Church of the Holy Cross


Competition for the new construction of the nave

The Church of the Holy Cross in Vogelsberg-Thuringia is characterised by its eventful history: Built in 1713, the nave was shortened by about half during the time of the GDR and most of the baroque inventory was sold.

Today, the interior of the church is marked by this drastic intervention and has lost its original charm. In addition, the building stock is in great need of renovation and its substance is massively damaged. The congregation would like to combine old substance with new elements.

Within the framework of a competition, D:4 submitted a design for a new building that is intended to replace the nave.

The guiding idea for the new building is the creation of a process-oriented and participatory concept that supports the church community and local residents in redefining the use of the site.

The old perimeter walls of the nave will be preserved and supplemented by a new timber frame construction. This creates a new structure that pays tribute to the history of the existing building and places it in a new context. This is deliberately designed as a low-cost and expandable construction in wood modules. The elements can be prefabricated by local companies and quickly assembled over the existing foundations.
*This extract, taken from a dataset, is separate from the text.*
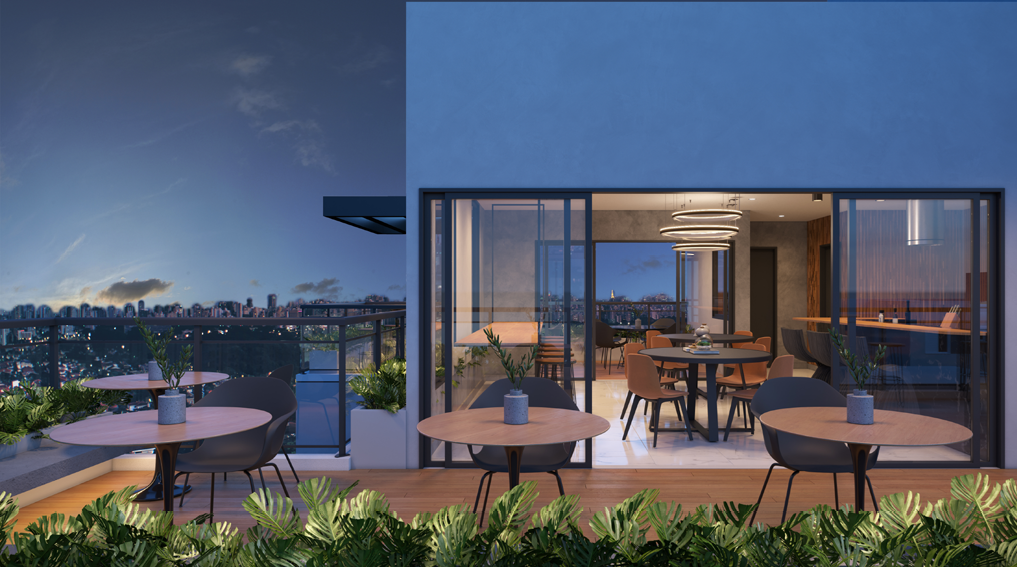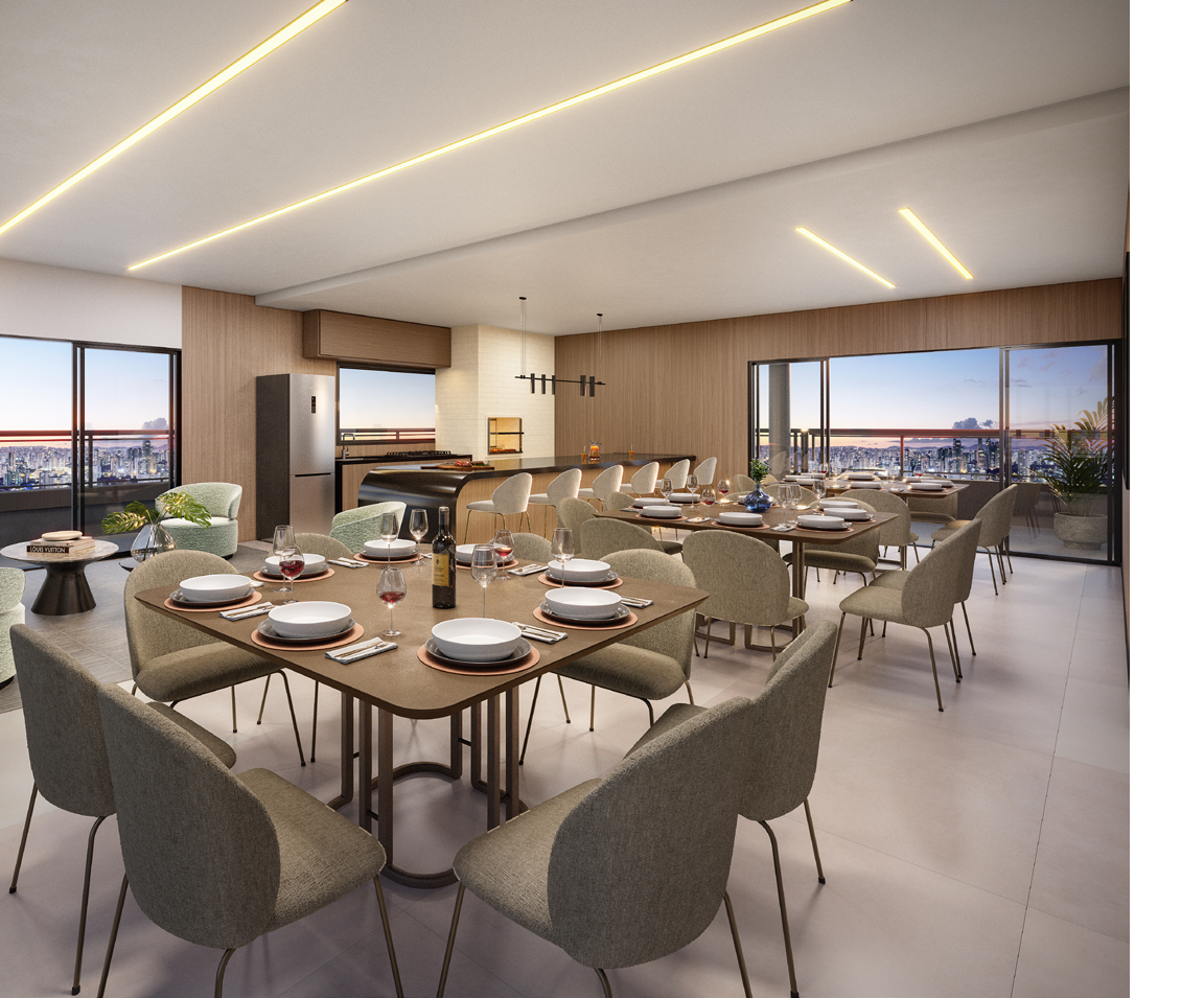 - Cobertura rooftop com espaço gourmet e vista 180°.
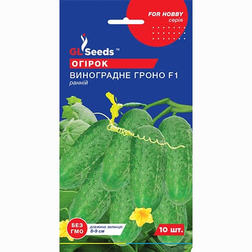 Огірок Виноградне гроно - ранньостиглий бджолозапильний гібрид з пучковим плодоутворенням. Термін дозрівання 45-50 днів. Корнішони завдовжки 8-9 см, горбкуваті, ароматні, хрусткі, без пустот, відмінного смаку, не гірчать і не жовтіють, у засолюванні не втрачають забарвлення, залишаються щільними. Стійкий до несправжньої борошнистої роси, вірусу огіркової мозаїки та парші гарбузових культур.

Once the supporting structure has been erected, the construction can be extended step by step - depending on the requirements of the use.

The wooden supporting structure traces the cubature and statically effective elements of the original building. The interior of the church is given a new floor slab to counteract the high groundwater level. A new functional wing with sanitary facilities and office space completes the planning.

The interior offers the use of a community room and a church room as well as a citizen and festival hall. Flexible seating makes numerous room constellations conceivable. The altar, reading desk and baptismal font are also mobile, so that variable arrangements are possible. If required, individually heatable units can be installed for groups of up to 20 people.